И вот в этом своем плаще прокаженного, грохоча трещоткой, чтобы отгонять с дороги здоровых людей, Абулафия прибывает, наконец, на встречу со своими компаньонами и обнаруживает обоих постящихся, еврея и исмаилита, лежащими на жаре, в голодном обмороке, меж двух мраморных колонн, некогда обрамлявших вход в старинное римское поместье. И, несмотря на радость встречи, объятия и взаимные поклоны, южане тотчас видят в красивых глазах своего северного партнера мрачный знак предстоящей разлуки.
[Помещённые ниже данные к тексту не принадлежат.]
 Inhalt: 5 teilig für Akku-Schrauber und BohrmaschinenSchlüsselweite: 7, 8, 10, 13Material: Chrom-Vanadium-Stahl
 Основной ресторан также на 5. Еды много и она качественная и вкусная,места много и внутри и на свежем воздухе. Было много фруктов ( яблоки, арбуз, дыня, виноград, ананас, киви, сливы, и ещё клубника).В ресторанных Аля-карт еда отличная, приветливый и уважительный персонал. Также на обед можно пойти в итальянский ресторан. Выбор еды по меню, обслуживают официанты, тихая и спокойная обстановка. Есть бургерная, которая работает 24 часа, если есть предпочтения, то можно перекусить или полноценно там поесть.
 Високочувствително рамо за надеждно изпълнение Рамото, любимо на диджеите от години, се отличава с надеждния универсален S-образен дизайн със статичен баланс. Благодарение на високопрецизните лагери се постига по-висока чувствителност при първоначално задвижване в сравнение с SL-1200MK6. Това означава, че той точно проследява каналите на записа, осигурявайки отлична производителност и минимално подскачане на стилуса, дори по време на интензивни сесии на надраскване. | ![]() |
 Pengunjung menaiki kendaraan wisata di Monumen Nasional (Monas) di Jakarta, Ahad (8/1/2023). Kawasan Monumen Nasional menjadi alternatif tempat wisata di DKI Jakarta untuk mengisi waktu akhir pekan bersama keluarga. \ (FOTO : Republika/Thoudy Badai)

Когда же исмаилит слышит, что Абулафия действительно намерен подрубить дерево их содружества в самый разгар его цветенья и на сей раз вообще не собирается забрать с собой товар, только что доставленный в Барселону, причем на этот раз уже на шести лодках, он теряет все свое арабское самообладание, вскакивает и принимается яростно кружиться на месте, пока не останавливается вдруг против большого оливкового дерева и начинает биться головой о его ствол, так что слезы заливают ему лицо — но это уже не те слезы, что брызнули из его глаз в их первую встречу, происходившую на этом же месте пять лет назад.
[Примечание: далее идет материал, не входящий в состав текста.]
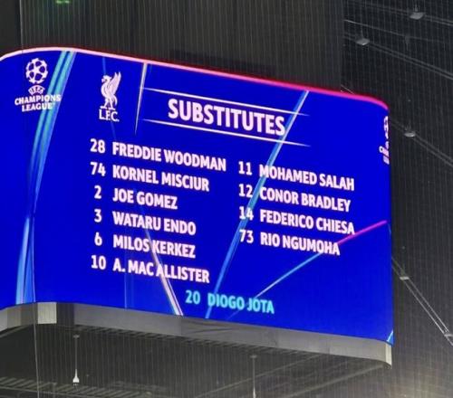 雷速體育10月23日宣 歐冠聯賽階段第三輪,利物浦客場挑戰法蘭克福。半場結束利物浦3-1領先法蘭克福。比賽中出現暖心一幕,法蘭克福主場的大屏幕顯示利物浦替補球員時,加入了今夏不幸離世的若塔的名字。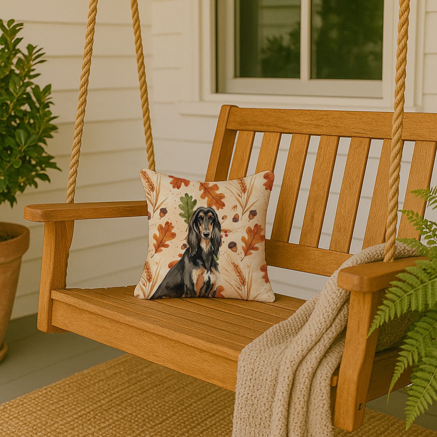 Black & Tan Afghan Hound Heirloom Fall Throw Pillow Decorative Indoor Outdoor Accent Cushion for Couch, Bed or Patio, 14Hx14W

Абулафии нелегко его утешать — и потому, что его собственное сердце до сих пор не может примириться с предстоящей разлукой и расторжением их торгового товарищества, и потому еще, что он знает, как трудно мусульманину, человеку, который берет себе жен соответственно своему богатству и изгоняет их соответственно своей прихоти, понять — не говоря уже о том, чтобы уважить, — дух новых законов, предъявленных им теперь Бен-Атару на полоске пергамента, над которой еще витают мрачные тени темных ашкеназских лесов. Поэтому оба они ждут, пока рыдания исмаилита постепенно затихнут, а тем временем Бен-Атар, понукаемый страхом, что Абу-Лутфи придет в голову нелепая идея, будто всё это — игра, которую двое евреев затеяли с единственной целью исключить его из товарищества, вдруг находит способ, позволяющий, как ему кажется, обойти эту пришедшую с севера новую галаху. Очень просто — сейчас он безвозмездно передаст свою долю новых товаров исмаилиту, и тогда Абулафия сможет безбоязненно получить ее из рук иноверца, поскольку того ни к чему не обязывают не только галахи, издаваемые в Рейнской земле, но даже те, что приходят из Вавилона или Земли Израиля.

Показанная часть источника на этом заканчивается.